A COMPARISON OF THE STRUCTURAL SEQUENCES BETWEEN BLOWING ROCK GNEISS AND LATE PROTEROZOIC MAFIC INTRUSIONS IN THE GRANDFATHER MOUNTAIN WINDOW
Recent road cuts on Highway 321 near Blowing Rock, NC exposes the contacts between these rocks. The primary foliation in augen gneiss is a strong composite schistosity defined by mica and quartz, and by stretched, rotated, and flattened feldspar porphyroclasts.
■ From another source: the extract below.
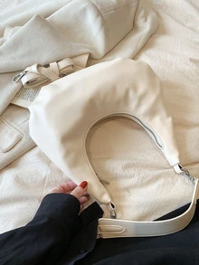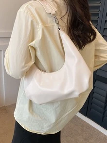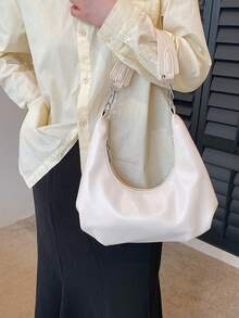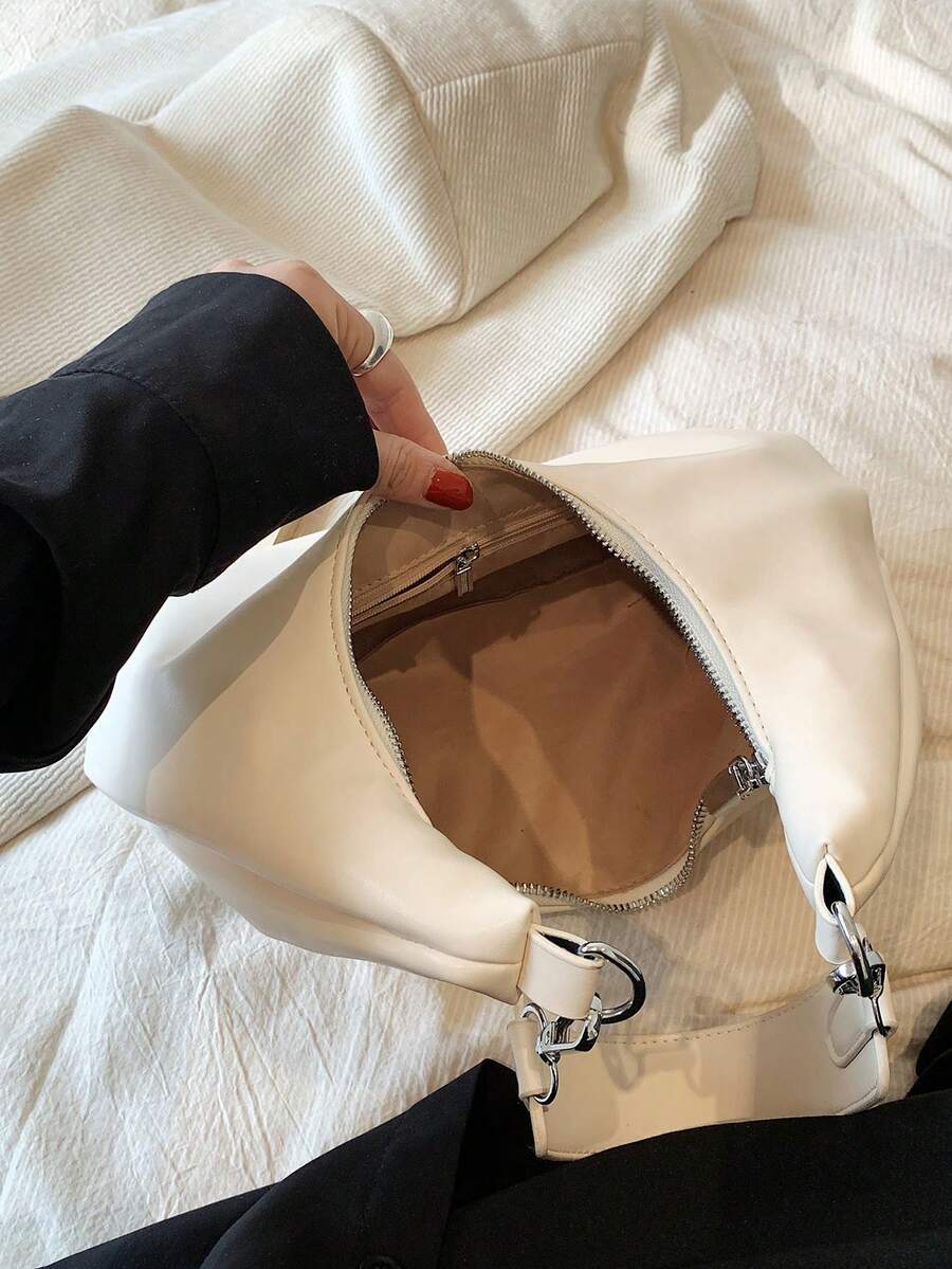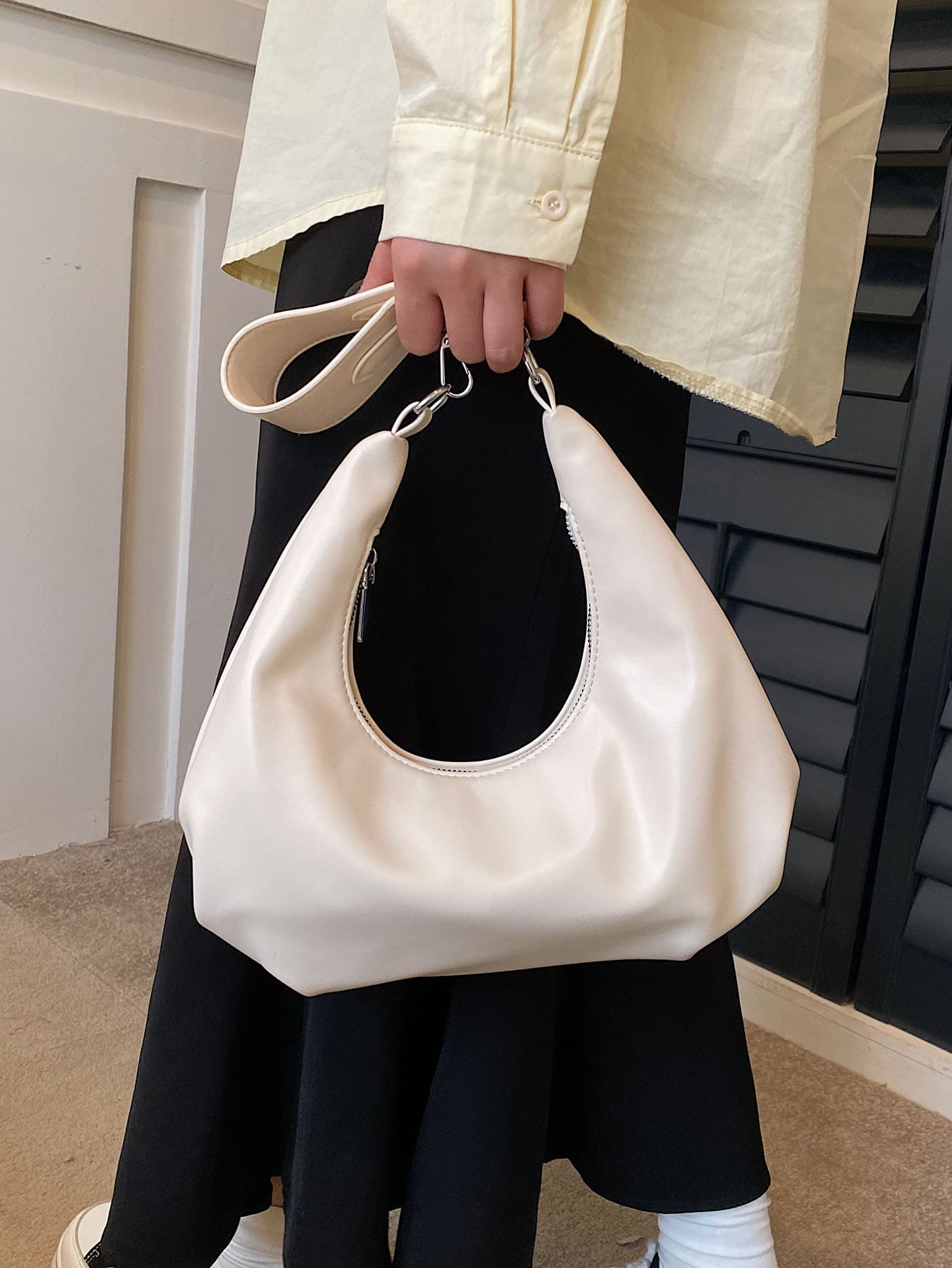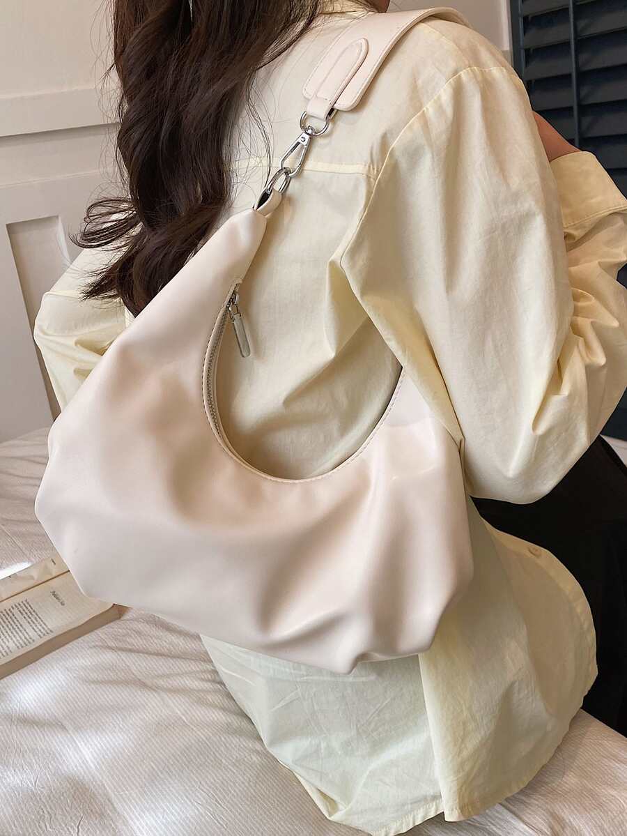 Sac Hobo Minimaliste Moyen À Ruché beige

In other cases, the contacts appear to be gradational and display increased amounts of shear within the augen gneiss marked by extreme flattening of feldspar porphyroclasts . In some of the dike contacts there are localized shear zones resulting in.very fine-grained phyllonite from alteration of the metadiabase along these shear zones. Our preliminary structural mapping suggests that all of the metadiabase dikes sustained the same deformation that produced the flattening foliation in these country rocks.
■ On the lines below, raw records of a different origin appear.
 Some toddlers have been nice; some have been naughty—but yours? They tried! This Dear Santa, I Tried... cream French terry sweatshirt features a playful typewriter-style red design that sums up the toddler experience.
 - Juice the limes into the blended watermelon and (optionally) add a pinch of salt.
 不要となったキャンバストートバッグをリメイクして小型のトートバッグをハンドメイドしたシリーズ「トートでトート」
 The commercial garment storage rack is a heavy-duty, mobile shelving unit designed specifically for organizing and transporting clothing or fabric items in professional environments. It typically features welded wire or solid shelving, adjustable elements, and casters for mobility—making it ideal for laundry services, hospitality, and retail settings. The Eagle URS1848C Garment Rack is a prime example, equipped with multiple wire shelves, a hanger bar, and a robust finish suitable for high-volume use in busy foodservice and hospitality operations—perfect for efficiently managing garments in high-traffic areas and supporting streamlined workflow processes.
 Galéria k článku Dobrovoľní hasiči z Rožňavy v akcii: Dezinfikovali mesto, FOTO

Some dike contacts show original intrusive interfingering relationships with the augen gneiss that predate the cleavage within the dikes. We observe, however, that some of these apparent interfingering boundaries are actually small amplitude tight folds. Those boundaries structures are commensurate with tightly folded lamellar veins within some dikes. At the mesoscopic scale cleavage within the dikes is axial planar to intra-dike folds.